简介: I. Create a Project Go to Query page in top menu bar, then click Manage Projects.


I. Create a Project

  1. Go to Query page in top menu bar, then click Manage Projects.

  2. Click the + Project button to add a new project.

  3. Enter a project name, e.g, “Tutorial”, with a description (optional), then click submit button to send the request.

  4. After success, the project will show in the table.

II. Sync up Hive Table

  1. Click Model in top bar and then click Data Source tab in the left part, it lists all the tables loaded into Kylin; click Load Hive Table button.

  2. Enter the hive table names, separated with commad, and then click Sync to send the request.

  3. [Optional] If you want to browser the hive database to pick tables, click the Load Hive Table From Tree button.

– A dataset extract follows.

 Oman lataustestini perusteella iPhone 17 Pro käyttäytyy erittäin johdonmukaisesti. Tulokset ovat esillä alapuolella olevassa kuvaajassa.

  4. [Optional] Expand the database node, click to select the table to load, and then click Sync.

  5. A success message will pop up. In the left Tables section, the newly loaded table is added. Click the table name will expand the columns.

  6. In the background, Kylin will run a MapReduce job to calculate the approximate cardinality for the newly synced table. After the job be finished, refresh web page and then click the table name, the cardinality will be shown in the table info.

III. Create Data Model

Before create a cube, need define a data model. The data model defines the star schema. One data model can be reused in multiple cubes.

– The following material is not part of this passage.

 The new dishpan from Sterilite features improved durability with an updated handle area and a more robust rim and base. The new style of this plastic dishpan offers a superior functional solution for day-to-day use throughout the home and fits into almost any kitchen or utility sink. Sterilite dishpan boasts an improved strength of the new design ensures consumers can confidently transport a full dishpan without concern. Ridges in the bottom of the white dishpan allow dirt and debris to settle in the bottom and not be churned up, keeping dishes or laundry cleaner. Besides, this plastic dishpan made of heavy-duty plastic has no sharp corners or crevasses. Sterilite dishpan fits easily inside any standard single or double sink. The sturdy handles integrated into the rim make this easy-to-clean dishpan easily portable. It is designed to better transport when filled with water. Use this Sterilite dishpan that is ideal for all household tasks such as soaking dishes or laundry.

  1. Click Model in top bar, and then click Models tab. Click +New button, in the drop-down list select New Model.

  2. Enter a name for the model, with an optional description.

  3. In the Fact Table box, select the fact table of this data model.

  4. [Optional] Click Add Lookup Table button to add a lookup table. Select the table name and join type (inner or left).

  5. [Optional] Click New Join Condition button, select the FK column of fact table in the left, and select the PK column of lookup table in the right side. Repeat this if have more than one join columns.

  6. Click “OK”, repeat step 4 and 5 to add more lookup tables if any. After finished, click “Next”.

  7. The “Dimensions” page allows to select the columns that will be used as dimension in the child cubes. Click the Columns cell of a table, in the drop-down list select the column to the list.

  8. Click “Next” go to the “Measures” page, select the columns that will be used in measure/metrics. The measure column can only from fact table.

  9. Click “Next” to the “Settings” page. If the data in fact table increases by day, select the corresponding date column in the Partition Date Column, and select the date format, otherwise leave it as blank.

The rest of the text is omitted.